In the end, a handful of police officers were charged with torture, but eventually acquitted. But in 2009, Amaral was charged with perjury in connection to a cover-up of the beating. “What I found was like the Spanish police of the '70s,” said Peribañez of Portuguese authorities in the Netflix docu-series. “[Amaral] acted and he worked like he was the sheriff of the town. ‘This is my town, I do whatever I want,’” he added.

Amaral, now-retired, denies any wrongdoing, and maintains to this day that Joana’s killers are locked up. “Both João and Leonor, all they did at the time was lie, lie, lie,” Amaral told Netflix’s producers. Although police did find traces of human blood in the refrigerator where Joana’s uncle allegedly stored her body, as well as human remains in the pigpen where she was allegedly finally disposed of, none of this forensic evidence was ever conclusively linked to the 8-year-old's death, and a body was never recovered. However, Joana’s mother and uncle lived out prison sentences and were only recently released, according to local outlet Portugal Resident.

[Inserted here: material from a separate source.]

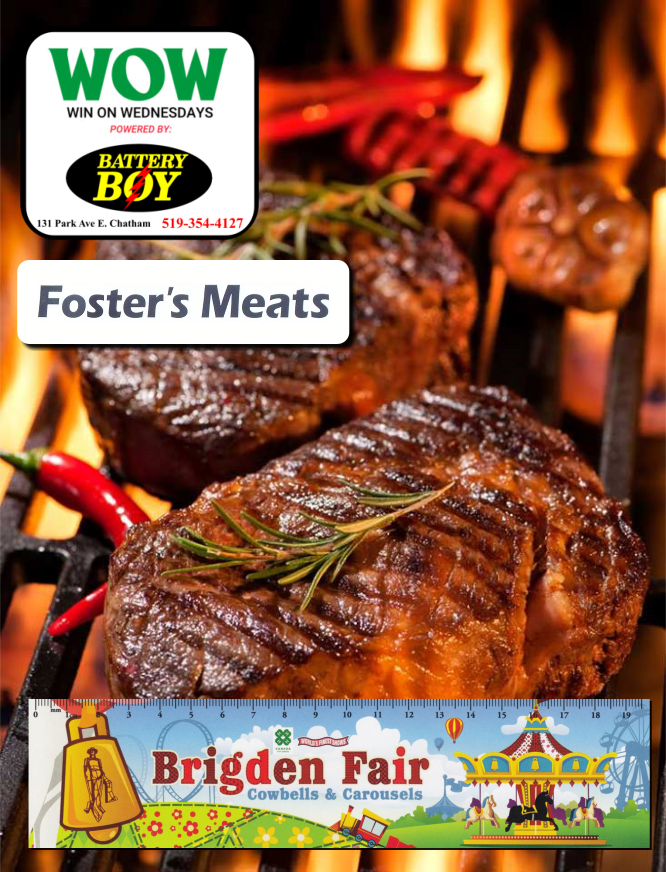 With help from our WOW sponsor Battery Boy, Foster’s Meats is giving away a delicious prize this week! PLUS, the winner will win some FREE passes to the Brigden Fair!
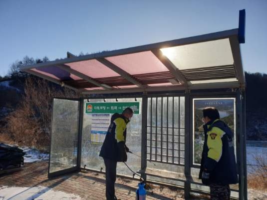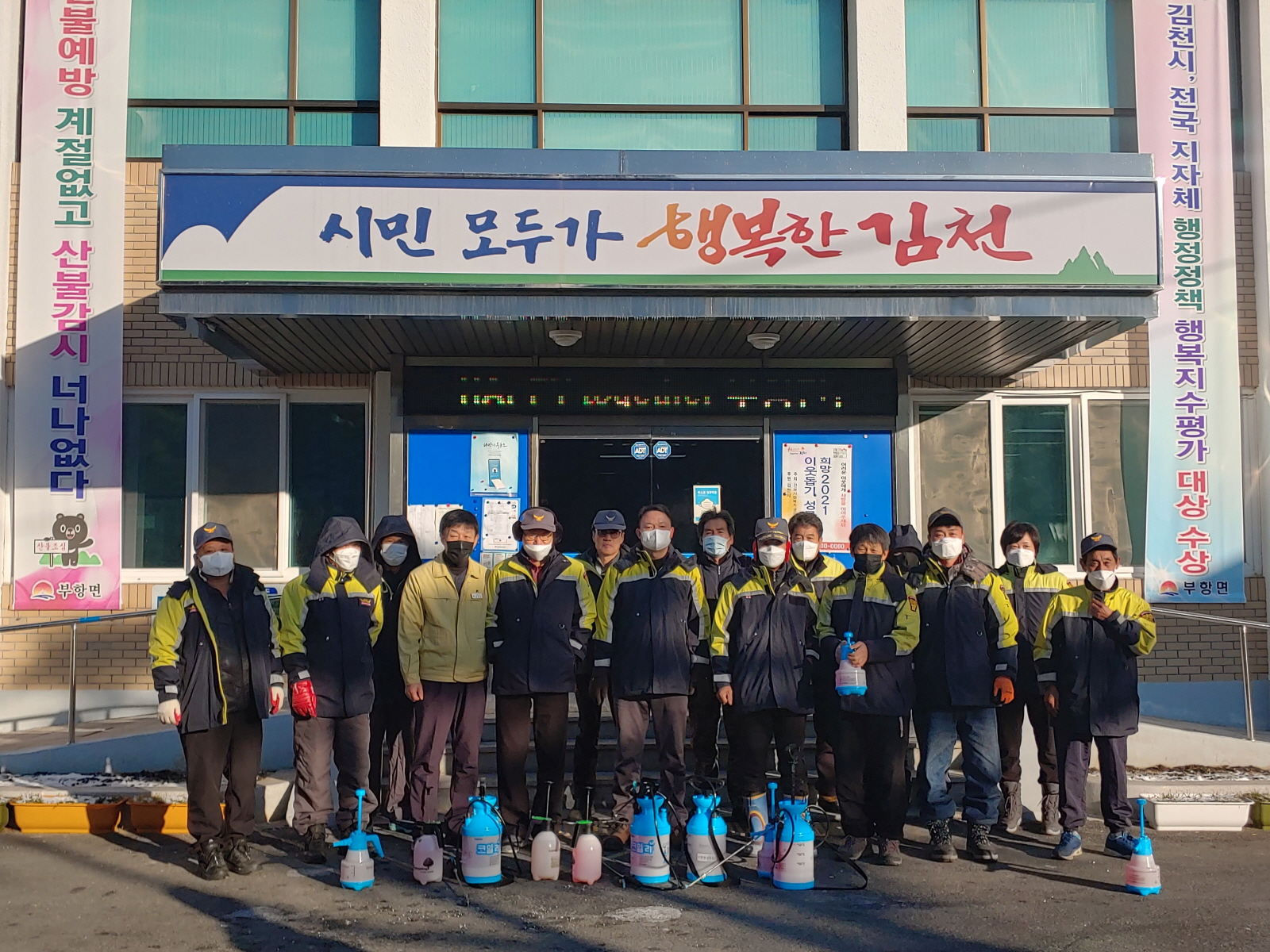 | 부항면 의용소방대(회장 신춘식)는 1월 8일(금) 김천시 일제 방역의 날을 맞아 17명의 회원이 코로나-19 예방을 위한 방역 활동을 실시했다. 부항면사무소 일대와 관내 버스승강장 27개소를 집중적으로 소독했다.

In the Netflix docu-series, Peribañez, the Spanish investigator, tracks down João's former cellmate, who alleges the Ciprianos sold Joanna to a foreign family — and that she’s still alive. The cellmate claims the uncle showed him a picture of Joana after she was kidnapped in a room that is “not from somewhere poor.”

“For me, from what I’ve seen, I have no doubt [Joana’s still alive],” the former cellmate told the Portuguese reporter.

McCann’s disappearance, regarded as one of the world’s most infamous child abduction cases, has never been solved.